Jiangjie (Becket) Qin



On Mon, Nov 7, 2016 at 9:59 AM, Michael Pearce <Michael.Pearce@ig.com>
wrote:

> Hi Becket,
>
> We were thinking more about having the logic that’s in the method
> shouldRetainMessage configurable via http://kafka.apache.org/
> documentation.html#brokerconfigs  at a broker/topic level. And then scrap
> auto converting the message, and allow organisations to manage the rollout
> of enabling of the feature.
> (this isn’t in documentation but in response to the discussion thread as
> an alternative approach to roll out the feature)
>
> Does this make any more sense?
>
> Thanks
> Mike
>
> On 11/3/16, 2:27 PM, "Becket Qin" <becket.qin@gmail.com> wrote:
>
>     Hi Michael,
>
>     Do you mean using a new configuration it is just the exiting
>     message.format.version config? It seems the message.format.version
> config
>     is enough in this case.
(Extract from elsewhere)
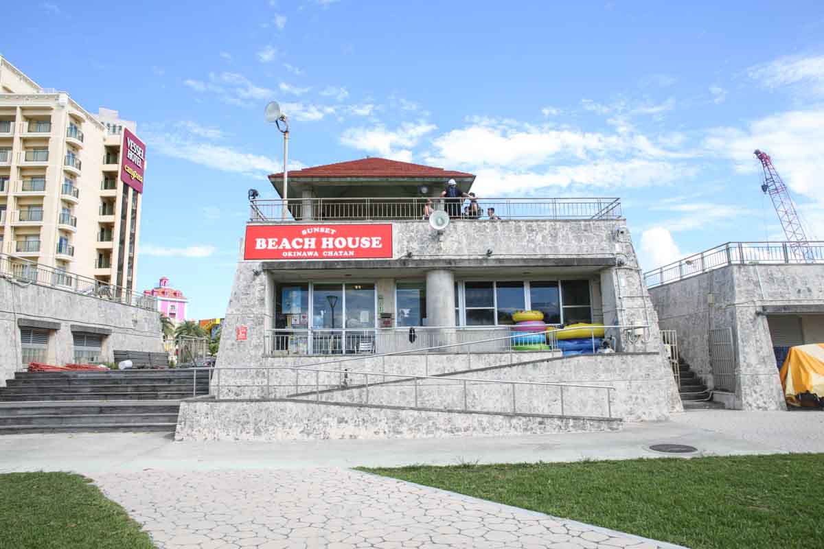 サンセットビーチの管理事務所(BEACH HOUSE)は、美浜アメリカンビレッジ側にあります。 売店も兼ねており、浮き輪やゴーグル、日焼け止めなどのビーチレジャー用品が販売されているほか、浮き輪やバレーボール、パラソル&ビーチチェアなどをレンタルすることもできます。

And the default value would always be the
> latest
>     version.
>
>     > Message version migration would be handled as like in KIP-32
>
>     Also just want to confirm on this. Today if an old consumer consumes a
> log
>     compacted topic and sees an empty value, it knows that is a tombstone.
>     After we start to use the attribute bit, a tombstone message can have a
>     non-empty value. So by "like in KIP-32" you mean we will remove the
> value
>     to down convert the message if the consumer version is old, right?
>
>     Thanks.
>
>     Jiangjie (Becket) Qin
>
>     On Wed, Nov 2, 2016 at 1:37 AM, Michael Pearce <Michael.Pearce@ig.com>
>     wrote:
>
>     > Hi Joel , et al.
>     >
>     > Any comments on the below idea to handle roll out / compatibility of
> this
>     > feature, using a configuration?
>     >
>     > Does it make sense/clear?
>     > Does it add value?
>     > Do we want to enforce flag by default, or value by default, or both?
>     >
>     > Cheers
>     > Mike
>     >
>     >
>     > On 10/27/16, 4:47 PM, "Michael Pearce" <Michael.Pearce@ig.com>
> wrote:
>     >
>     >     Thanks, James, I think this is a really good addition to the KIP
>     > details, please feel free to amend the wiki/add the use cases, also
> if any
>     > others you think of. I definitely think its worthwhile documenting.
> If you
>     > can’t let me know ill add them next week (just leaving for a long
> weekend
>     > off)
>     >
>     >     Re Joel and others comments about upgrade and compatibility.
>     >
>     >     Rather than trying to auto manage this.
>     >
>     >     Actually maybe we make a configuration option, both at server
> and per
>     > topic level to control the behavior of how the server logic should
> work out
>     > if the record, is a tombstone record .
>     >
>     >     e.g.
>     >
>     >     key = compation.tombstone.marker
>     >
>     >     value options:
>     >
>     >     value   (continues to use null value as tombstone marker)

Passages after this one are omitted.